Given data:

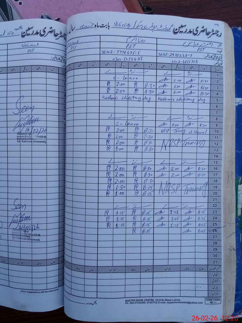 | Remarks (Use Separate Page if Required): 01 STI joined in the school from 24 Feb 2026. | |||||
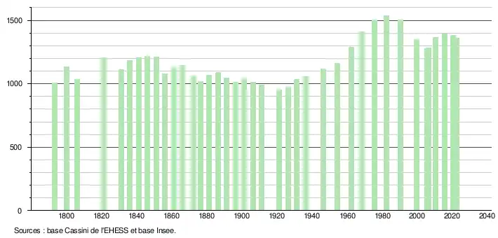 L'évolution du nombre d'habitants est connue à travers les recensements de la population effectués dans la commune depuis 1793. Pour les communes de moins de 10 000 habitants, une enquête de recensement portant sur toute la population est réalisée tous les cinq ans, les populations de référence des années intermédiaires étant quant à elles estimées par interpolation ou extrapolation[17]. Pour la commune, le premier recensement exhaustif entrant dans le cadre du nouveau dispositif a été réalisé en 2005[18].
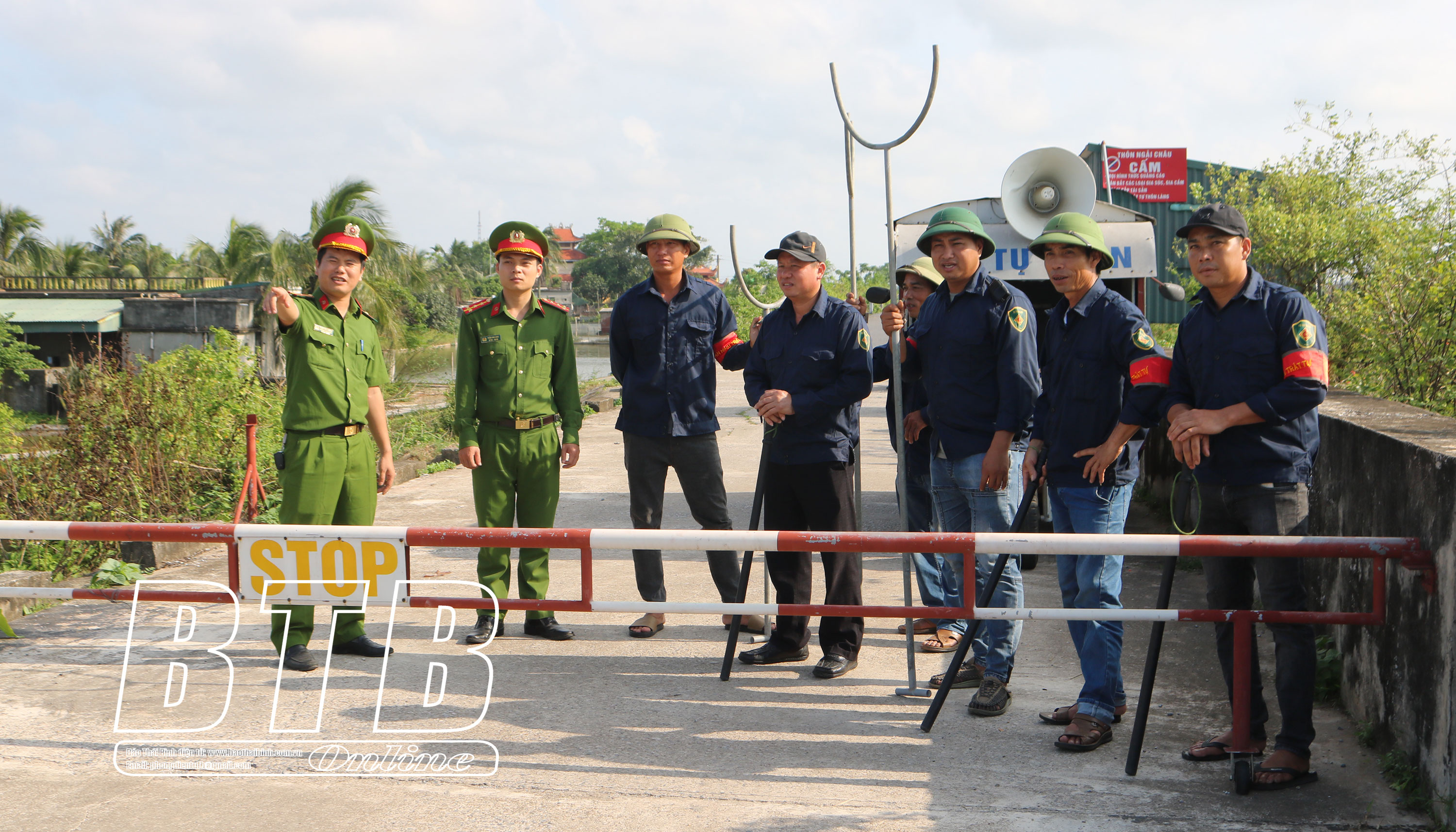Công an xã Đông Minh phối hợp với tổ tự quản an ninh trật tự thôn Ngải Châu phòng, chống tội phạm trên tuyến đê biển.
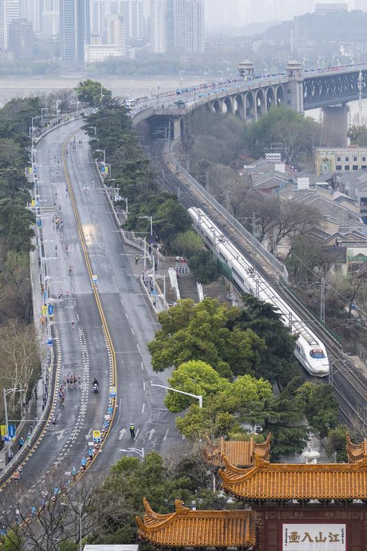3月23日,武汉马拉松参赛选手经过黄鹤楼。新华社记者 伍志尊 摄

What you have to do:
Everything from the first line of the listing above through the line that contains "L'évolution du nombre" is to be restated word for word, minus the pictures.

Answer box:
 | Remarks (Use Separate Page if Required): 01 STI joined in the school from 24 Feb 2026. | |||||
 L'évolution du nombre d'habitants est connue à travers les recensements de la population effectués dans la commune depuis 1793. Pour les communes de moins de 10 000 habitants, une enquête de recensement portant sur toute la population est réalisée tous les cinq ans, les populations de référence des années intermédiaires étant quant à elles estimées par interpolation ou extrapolation[17]. Pour la commune, le premier recensement exhaustif entrant dans le cadre du nouveau dispositif a été réalisé en 2005[18].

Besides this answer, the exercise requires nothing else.